Both ChatGPT-4o and ChatGPT-4 Turbo performed well overall (average score for each dimension > 4). The mean accuracy score was 4.1 ± 0.8 (median [IQR], 4.5 [3.5–5.0]) for ChatGPT-4o, and 4.1 ± 0.7 (median [IQR], 4.0 [3.5–5.0]) for ChatGPT-4 Turbo. For consistency, the mean score was 4.6 ± 0.5 (median [IQR], 5.0 [4.5–5.0]) for ChatGPT-4o, and 4.6 ± 0.6 (median [IQR], 5.0 [4.3–5.0]) for ChatGPT-4 Turbo. The mean self-awareness scores were 4.3 ± 0.6 (median [IQR], 4.5 [3.5–5.0]) and 4.5 ± 0.5 (median [IQR], 4.5 [4.0–5.0]) for ChatGPT-4o and ChatGPT-4 Turbo, respectively. The mean fabrication and falsification scores for ChatGPT-4o and ChatGPT-4 Turbo were 4.6 ± 0.6 (median [IQR], 5.0 [4.0–5.0]) and 4.5 ± 0.4 (median [IQR], 4.5 [4.0–5.0]), respectively. There were no statistical differences between the two models on any of the dimensions (Fig. 1). Only one unsatisfactory response (either of dimension < 3 points) was generated by ChatGPT-4o (query 21 with an accuracy of 2.5) and one by ChatGPT-4 Turbo (query 17 with a consistency of 2.5). Both queries were on the topic of PF interventions.

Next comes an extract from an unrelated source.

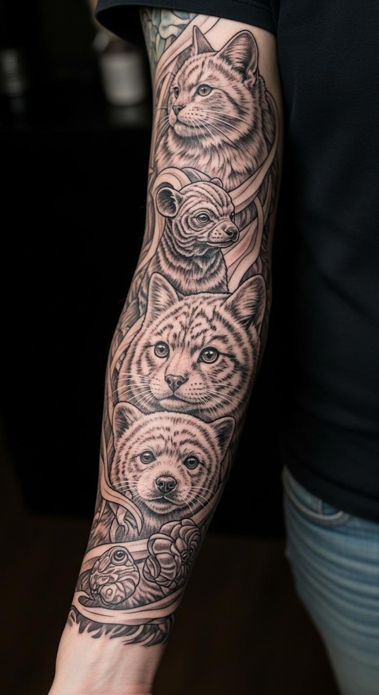 Pick two or three animals that matter to you. Place them along your arm for flow. Budget tip: Buy animal stickers for $2 to test. Artists run about $120 an hour, so space out appointments.
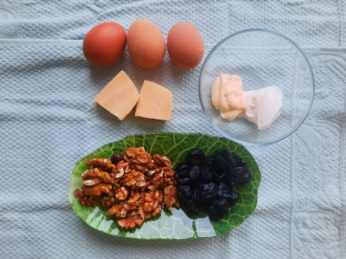 Следовала согласно шагам в рецепте. Первым шагом отделила белки от желтков. Желтки натёрла на средней тёрке. Измельчила чернослив и грецкие орехи. Твёрдый сыр натёрла на крупной тёрке. Перемешала в миске измельчённые чернослив, орехи, сыр и желтки и заправила смесью сметаны и майонеза. Далее выложила массу на белки. Закуска выглядит очень необычно и даёт новые вкусовые ощущения.

Three subgroup analyses were conducted. The subgrouping was by prompts strategy (open/closed-ended prompts), recommendation type (positive/negative recommendation), and recommendation strength (recommendation grades A–C or D–F). The answers to closed-ended queries were better than those for open-ended queries on the dimensions of consistency ([4.8 ± 0.5] vs. [4.2 ± 0.3], p < 0.001), self-awareness ([4.6 ± 0.5] vs. [3.8 ± 0.6], p < 0.001), and fabrication and falsification ([4.7 ± 0.5] vs. [4.1 ± 0.5], p = 0.002), but not for accuracy ([4.2 ± 0.9] vs. [3.9 ± 0.3], p = 0.108). In closed-ended queries, positive recommendations outperformed negative recommendations on all four dimensions (p < 0.05). No significant differences were found between the recommendation strength subgroups (grade A–C vs. D–F), except for fabrication and falsification ([4.4 ± 0.6] vs. [5.0 ± 0], P = 0.001; Table 2).
Discussion
PF is a global public health issue that has considerable deleterious effects on both athletic and non-athletic populations [19, 20]. As the standardized management guidelines for PF are regularly updated, it is important for physicians to remain abreast of the latest guidelines [1, 5,6,7]. The present study investigated the ability of ChatGPT to provide PF recommendations that adhere to the latest clinical practice guideline. The two versions of ChatGPT were evaluated on multiple dimensions, on which they showed remarkable and comparable performance. However, the chatbots are prone to generate more satisfactory responses to closed-ended questions and for positive rather than negative recommendations. The results may provide novel insights for levering the current LLMs to bridge the gap between routine clinical practice and comprehensive and up-to-date PF standard.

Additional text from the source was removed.